We see a similar flash of memory overtake Danvers briefly when her car skids over an ice patch and she gets out to see if another driver, who crashed into a phone pole, is okay. When the accident happens, Danvers is in the process of driving her teen stepdaughter Leah (Isabella LaBlanc) home after learning from another mom that Leah was caught filming herself having sex with the woman’s 16-year-old daughter. We’re not sure how old Leah is just yet, only that she’s old enough to warrant correcting Danvers for erroneously describing Leah’s sex partner as being 15 years of age.

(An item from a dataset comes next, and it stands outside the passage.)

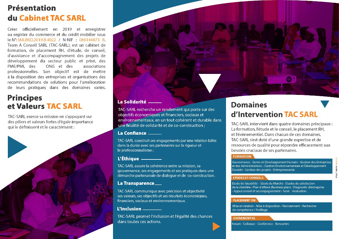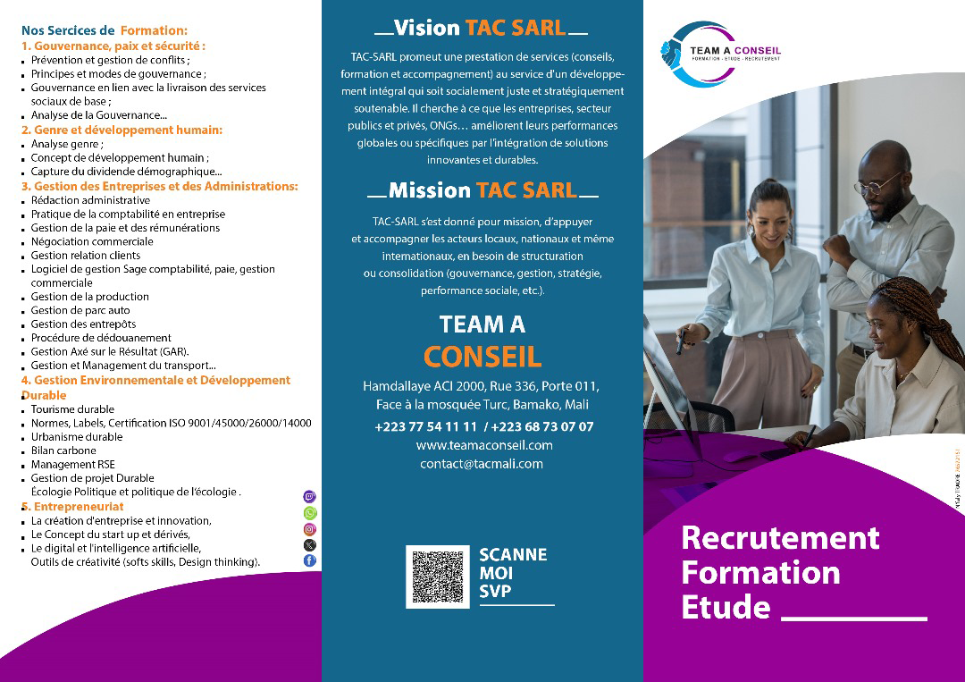 Créé officiellement en 2019 et enregistré au Registre du Commerce et du Crédit Mobilier (RCCM) sous le numéro MA.BKO.2019.B.4022, le Cabinet TAC SARL (Team A Conseil SARL) est un cabinet spécialisé dans la formation, le placement des ressources humaines, les études et le conseil stratégique.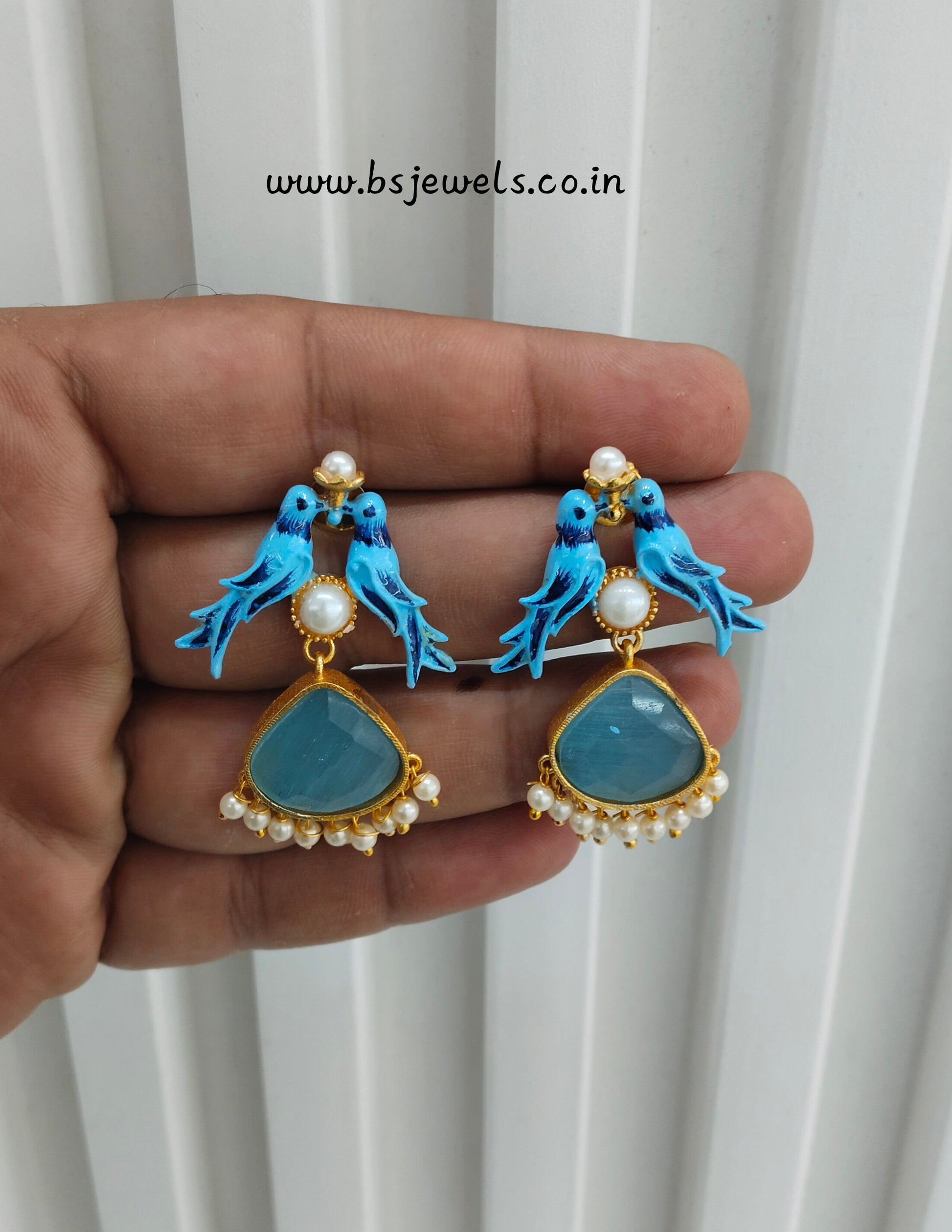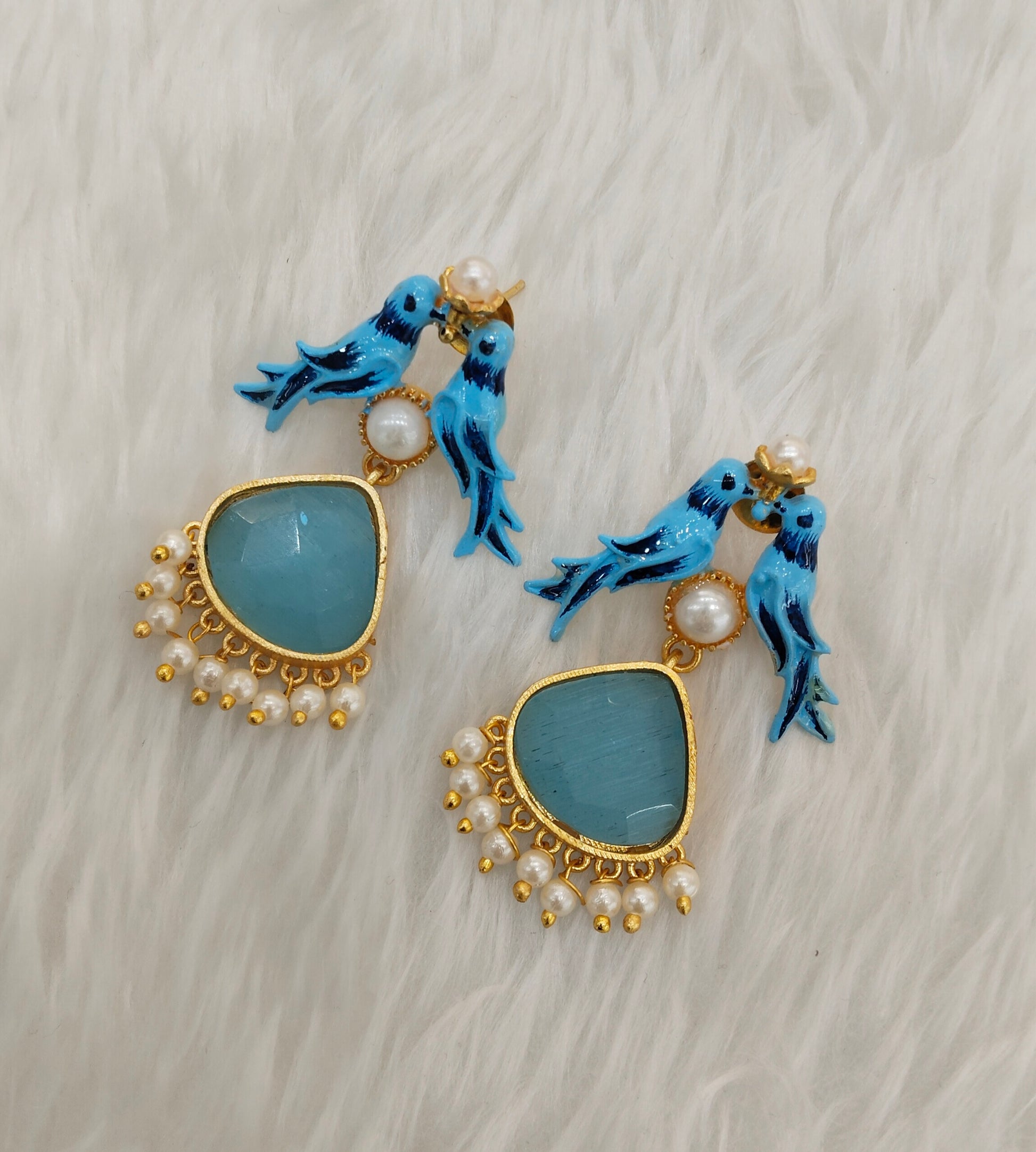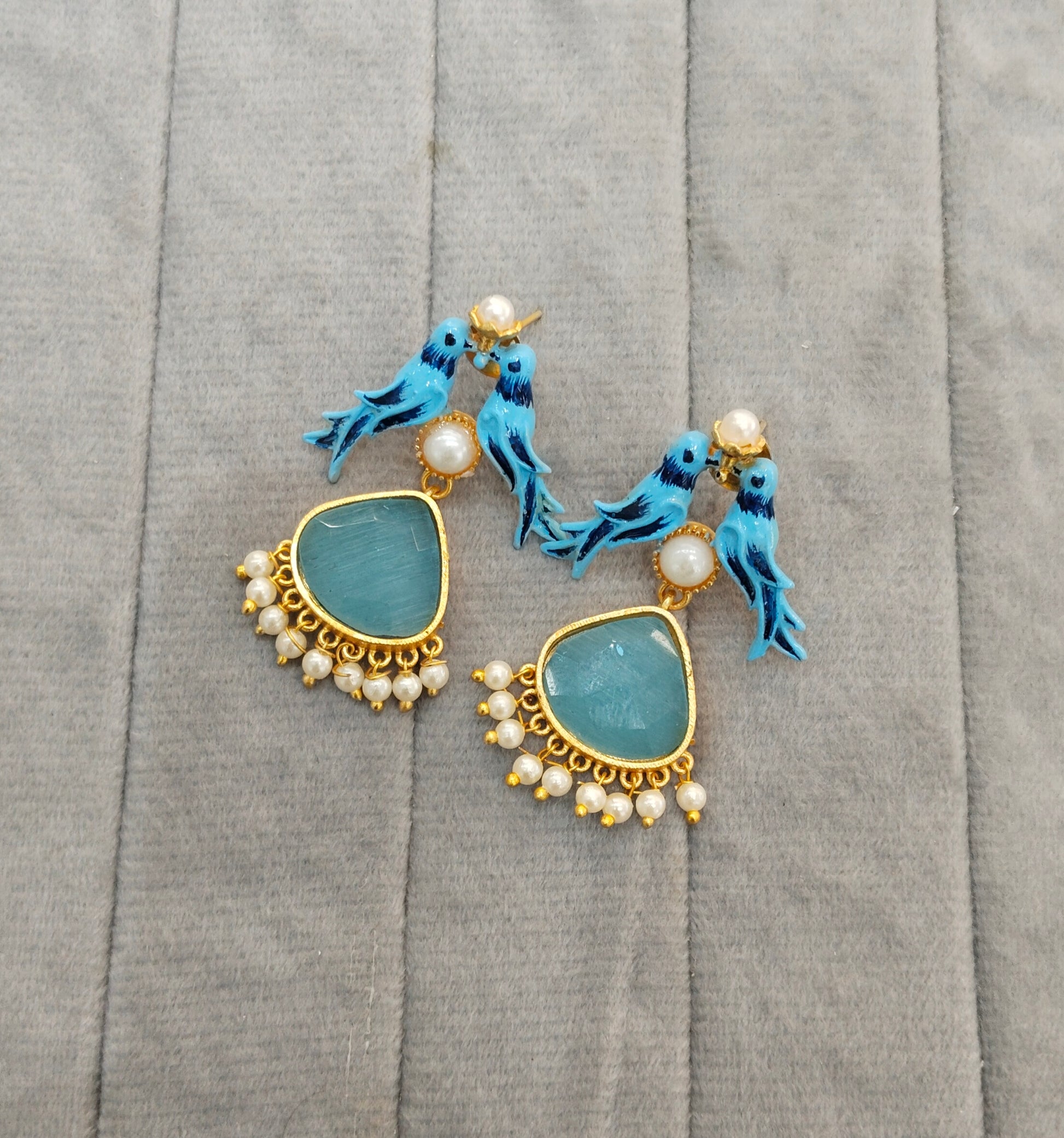 Sky Blue Mother Of Pearl Bollywood Brass Earrings

It’s obvious that some terrible tragedy befell Leah’s dad, not unlike the many tragedies that seem to have shaped every corner of Ennis; a place where hardship is so commonplace as to be unremarkable, and where Danvers pointedly lays the blame of Annie K.’s death on the town itself. What is remarkable is the disappearance of eight men. Navarro is quick to point out the hypocrisies and inequities; if Annie K. had been white, the police response would’ve been swift and relentless. Danvers is so laser-focused on the Tsalal men that she willfully fails to recognize the local women in need at every turn: she roughs up a single mother who drunkenly crashes into a telephone pole and calls her a bitch before sending her off to jail for the night, though it’s clear that the woman is struggling and abusing alcohol to cope. Her stepdaughter Leah would probably benefit from more questions and fewer harsh reprimands.
Meanwhile, Navarro tries to keep her life outside of work simple. She visits bar owner Qavvik, with whom she seems to have a friends-with-very-good-benefits situation, and checks in with her sister Julia, who is desperate to manage her mental illness without hospitalization. Though she references the spiritual realm, Navarro insists that her time in the military and the horrors she witnessed in the Middle East made her an atheist. When Annie K.’s brother muses that it must be nice to still believe in God and know that we’re not alone, Navarro responds, “No, we’re alone. God, too.” As she does, Navarro briefly flashes back to her time overseas, and López delivers another beautiful shot of something so harrowing and visceral; a memory that forcibly resurfaces unbidden, summoned by a word or a phrase.
Danvers’ laser focus leads to an important discovery (as she arranges crime scene photos in a spiral, one of a few callbacks to True Detective‘s past): one of the disappeared researchers was wearing a parka that looks identical to one that belonged to Annie K. And then there’s Rose Aguineau (Fiona Shaw), the older woman we occasionally see living alone and haunted by visions of a dead, barefoot man who visits and beckons her to follow. When she does, Rose finds the missing researchers sticking out of the ice, their faces frozen in terror at whatever they found.
In case you missed it, the episode opens with a quote attributed to Hildred Castaigne: “For we do not know what beasts the night dreams when its hours grow too long for even God to be awake.” Castaigne is the protagonist in one of the stories included in The King in Yellow, which viewers of season 1 may recall as one of series creator Nic Pizzolatto’s influences. That evocative quote doesn’t appear in the book; López wrote it herself, and it certainly sets the table for the long night ahead.